Material provided:

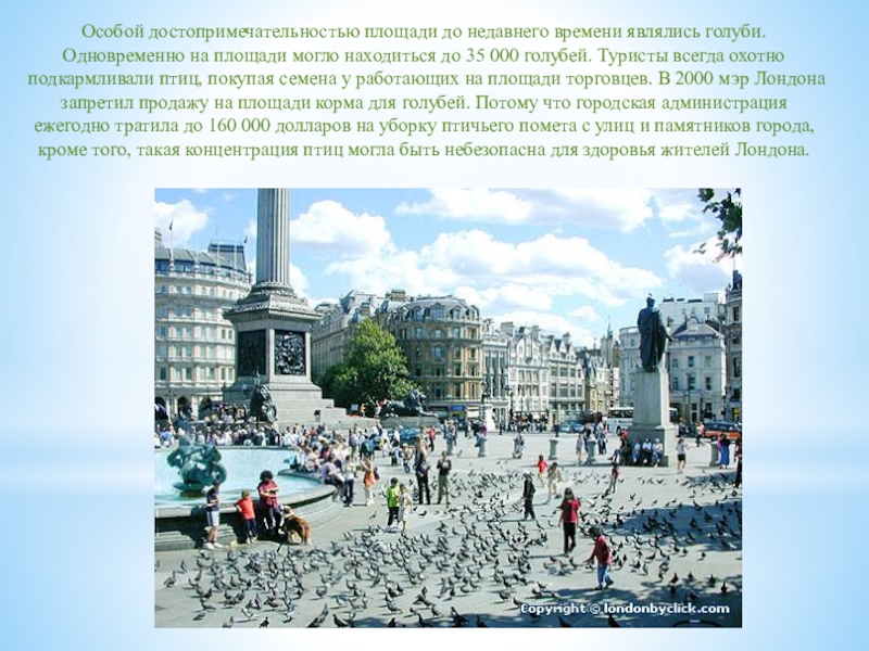 могло находиться до 35 000 голубей. Туристы всегда охотно подкармливали птиц, покупая семена у работающих на площади торговцев. В 2000 мэр Лондона запретил продажу на площади корма для голубей. Потому что городская администрация ежегодно тратила до 160 000 долларов на уборку птичьего помета с улиц и памятников города, кроме того, такая концентрация птиц могла быть небезопасна для здоровья жителей Лондона.
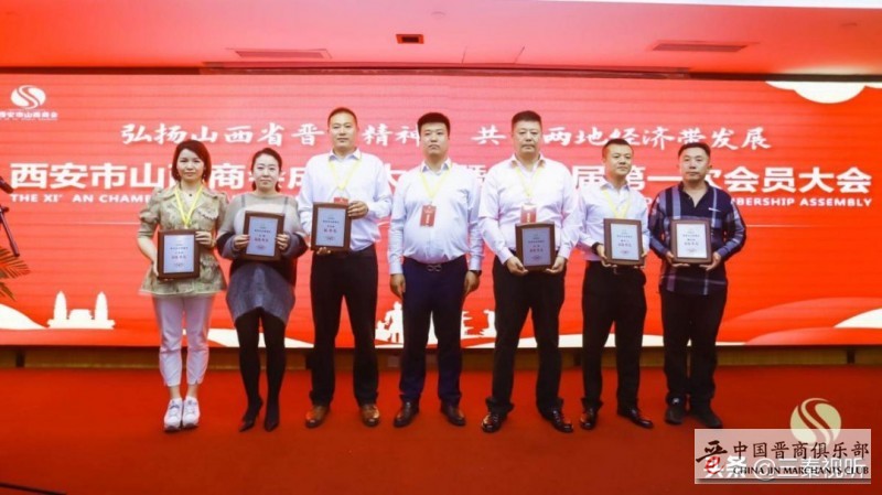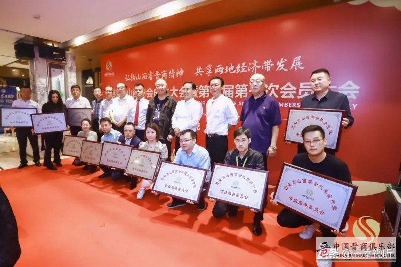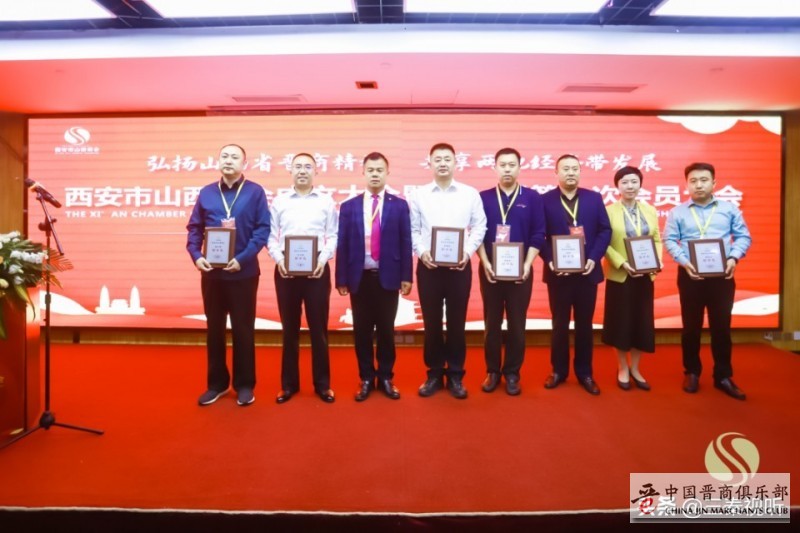西安市山西商会会长张建军为本届西安市山西商会名誉会长:西安世纪金花集团董事长吴一坚、山西广誉远龟龄集酒业有限公司董事长白励铭、马氏集团董事长马胜利、人民美术副主编张新民、西商联合会会长于建安、陕西房产创始人张国政、陕西省人社厅处长张如顺、西安市委政策研究处处长孙紫阳、CCTV央视春红旗车特约表演车手挑战者创始人加强、欧科贝特热力能源有限公司董事长李鹏、一带一路工委副主任张长生、中国西部国际车城董事长王润朝、欧洲中国文化教育促进基金会外联委员会秘书长张俊霞、中国管理科学研究院行业发展研究所产业联盟智慧研究中心主任张红战进行授牌并颁发证书。
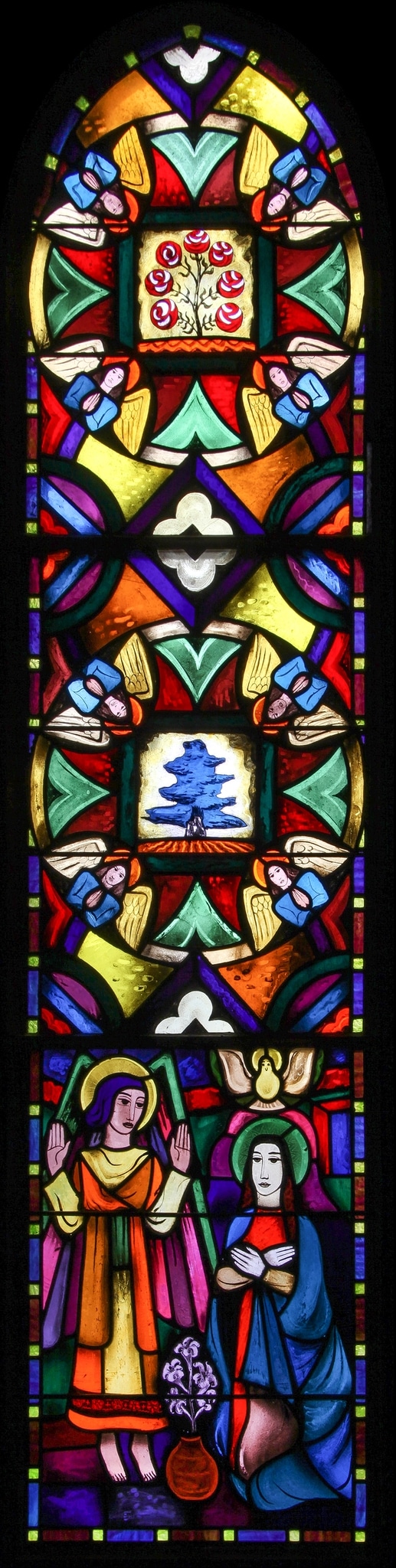 Sauterel, V. (2024). Annonciation (premier mystère joyeux du Rosaire). Dans Vitrosearch. Consulté le 5 décembre 2025 de https://www.vitrosearch.ch/objects/2714872.
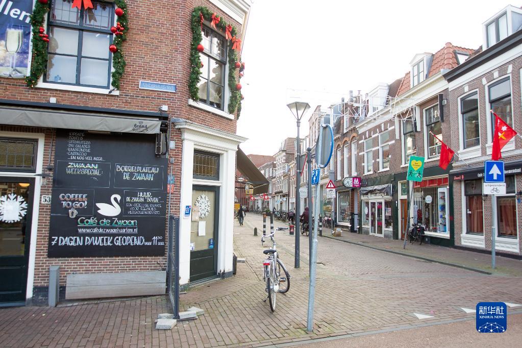 12月20日,荷兰哈勒姆的一条商业街空空荡荡。
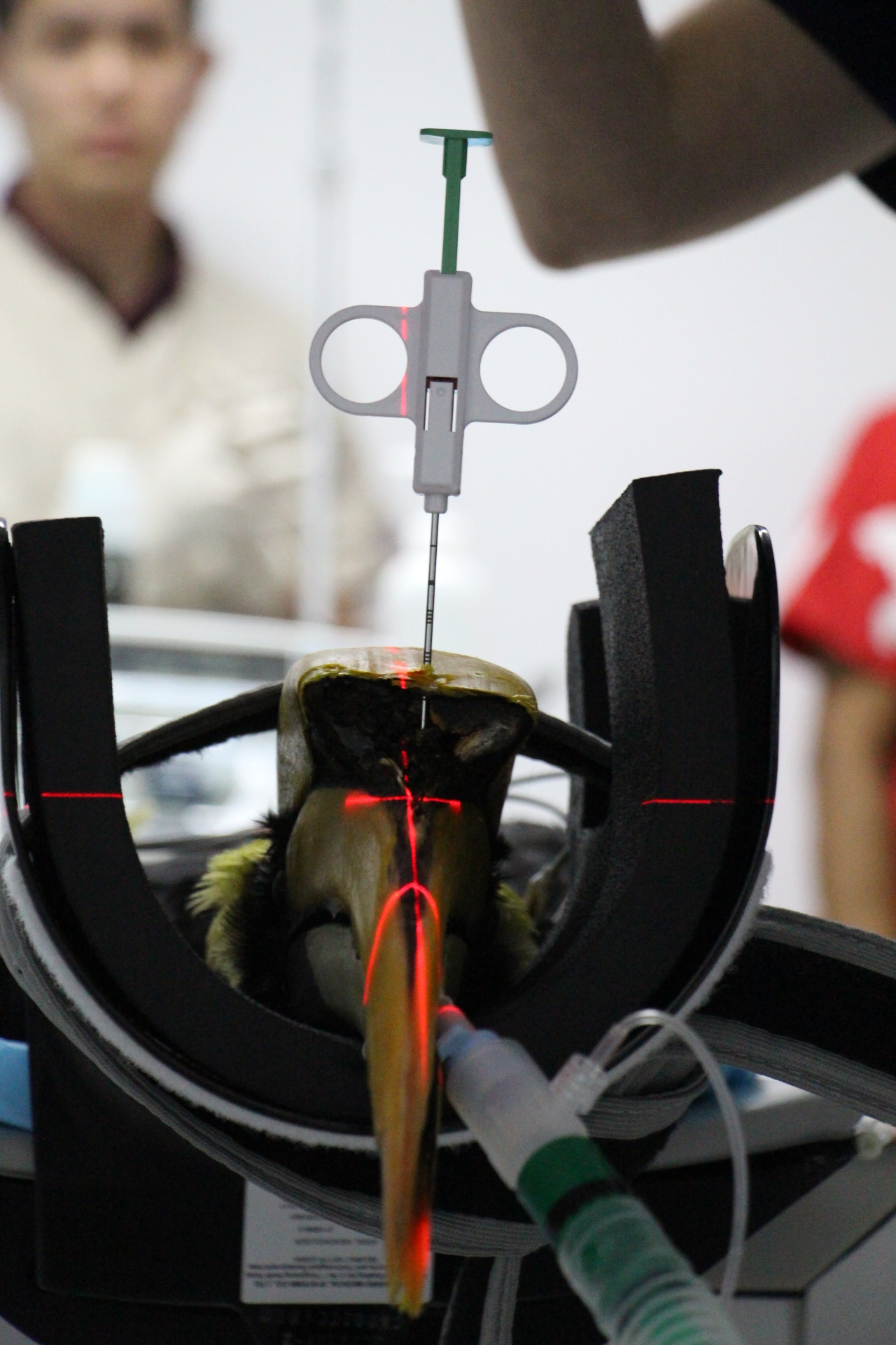 Dr Hsu Li Chieh using a drill guide to affix the 3D-printed casque onto Jary. This prosthesis will be on the hornbill until a new casque grows out.

What the task asks:
Only the lines from the one holding "12月20日,荷兰哈勒姆的一条商业街空空荡荡。" through the last line of the records should be output, please, exactly and without any pictures.

Task result:
 12月20日,荷兰哈勒姆的一条商业街空空荡荡。
 Dr Hsu Li Chieh using a drill guide to affix the 3D-printed casque onto Jary. This prosthesis will be on the hornbill until a new casque grows out.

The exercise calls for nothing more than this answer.